— Ой-е-ей! Какие вы маленькие! — кричал удивленный Лева. — Скажите, девушки, должно быть, чудно жить на грани полного лилипутства?
— Лева, возьмите нас с собой! Мы хотим с вами! — кричали травести.
— Всех беру с собой! Сколько вас, семь, восемь? Все полезайте в «Москвич»! Всех подвезу!
Возле машины дожидались его двое мужчин, один румяный, голубоглазый, независимо-искательный, другой — сардонически-спокойный, с глазами как темные тоннели, в которых желтели паровозные огни.
— Привет, — сказали мужчины.
— Здравствуйте, — вежливо сказал Лева. — Надеюсь, узнаете меня? На всякий случай сообщаю, я — Малахитов. Я сам был дружинником, поверьте, и неплохим. Как видите, ничего предосудительного я не совершаю, а девочки — мои товарищи по работе.
— Эх, Левка, не узнаешь, — сказал румяный. — Зазнался?
Это словечко «зазнался» было для Левы настоящим проклятьем. Услышав его, любимец публики начинал суетиться, лепетать что-то воде: «Ах, черт возьми, извини, старик, проклятая зрительная память, старик, как, старичок; живешь-можешь» и т. д. Выручало его в такие минуты слово «старик» и производные от него — «старичок», «старикашка», «старикашечка», в зависимости от обстоятельств. Так и сейчас Лева забормотал:
— А, черт возьми, старики, проклятая зрительная память — старички, как, старикашки, живете-можете?
В запасе еще оставалось «старикашечки».
— То-то, дед, — обрадовался румяный, — не след тебе забывать старых корешей. Наше поколение должно держаться друг друга, отче.
— Верно, старикашечка! — вскричал Лева, глубоко потрясенный этой простой мыслью. — Дай я тебя поцелую! — Он чмокнул пушистую щеку румяного и стремительно повернулся к мрачному. — И вас тоже позвольте! — Поцеловал стальную щеку и примерз к ней губами, как бывает в детстве, в мороз, когда поцелуешь полозья санок и примерзнешь к ним.
Положение возникло странное: Лева никак не мог отодрать свои губы от стальной щеки, а мрачный владелец щеки стоял неподвижно, сардонически улыбаясь. Наконец он резким поворотом головы освободил Леву.

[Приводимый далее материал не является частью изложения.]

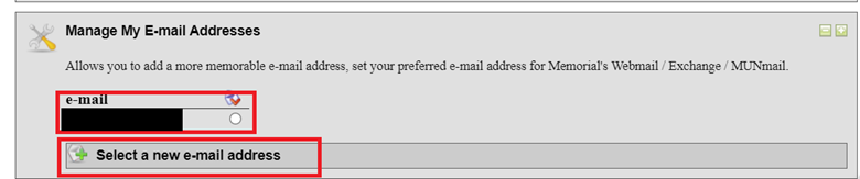 If you’d like to change your @mun.ca e-mail address to something more memorable, you can do so through my.mun.ca. The new email name will appear as the “from” address on your Webmail and Outlook.
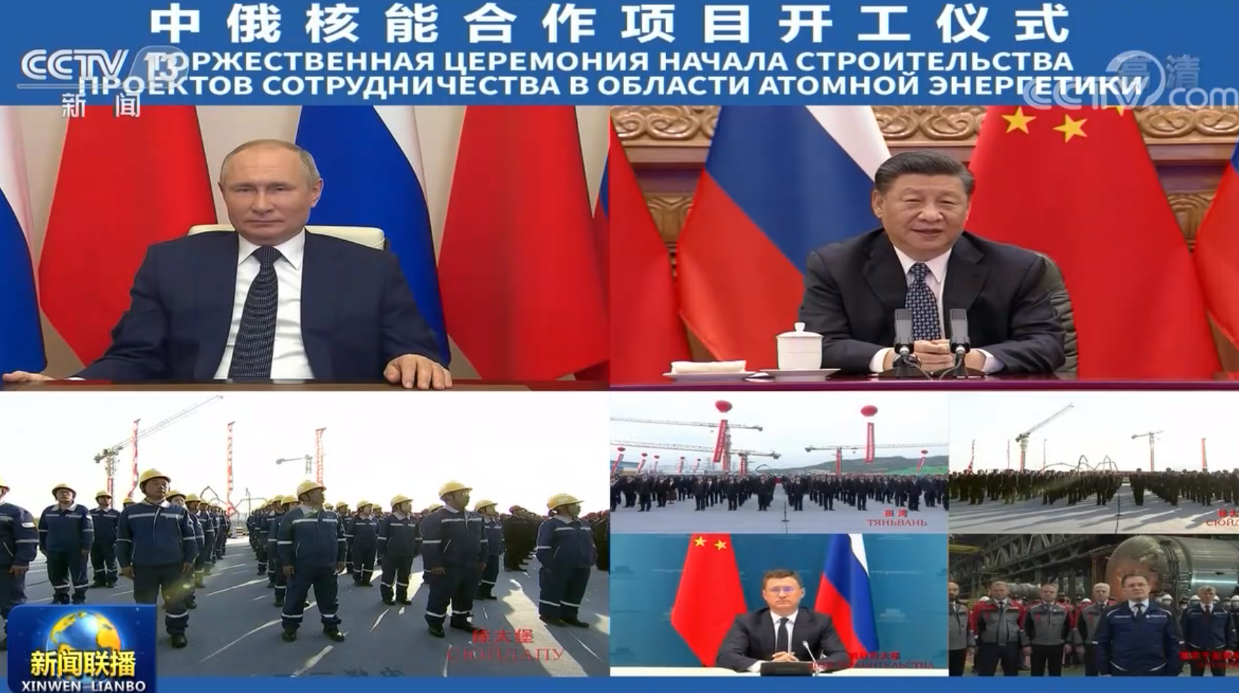 中俄雙方有關(guān)部門和地方負(fù)責(zé)人、工程建設(shè)者代表通過視頻連線分別在江蘇省連云港市田灣核電站分會(huì)場(chǎng)、遼寧省葫蘆島市徐大堡核電站分會(huì)場(chǎng),莫斯科政府大樓分會(huì)場(chǎng)、羅斯托夫州原子能機(jī)械制造廠分會(huì)場(chǎng)參加儀式。兩國企業(yè)負(fù)責(zé)人分別向兩國元首匯報(bào)項(xiàng)目進(jìn)展情況。

— Н-да, — пробормотал тот смущенно. На губах выступили капельки крови, но это был пустяк, а главное — чувство дружбы распирало Левину душу, когда он глядел на приплясывающих маленьких актрис и на двух людей своей «генерации», на розовощекого старого друга и на этого мрачного симпатягу — Мефистофеля. Жаль, нельзя вечер провести с этими ребятами, подумал он, ведь нужно ехать к Нине, молить ее о прощении, погрузиться в ее суровую интеллектуальную жизнь.
— Друзья мои, прекрасен наш союз! — воскликнул он. — Давайте как-нибудь проведем вечер вместе.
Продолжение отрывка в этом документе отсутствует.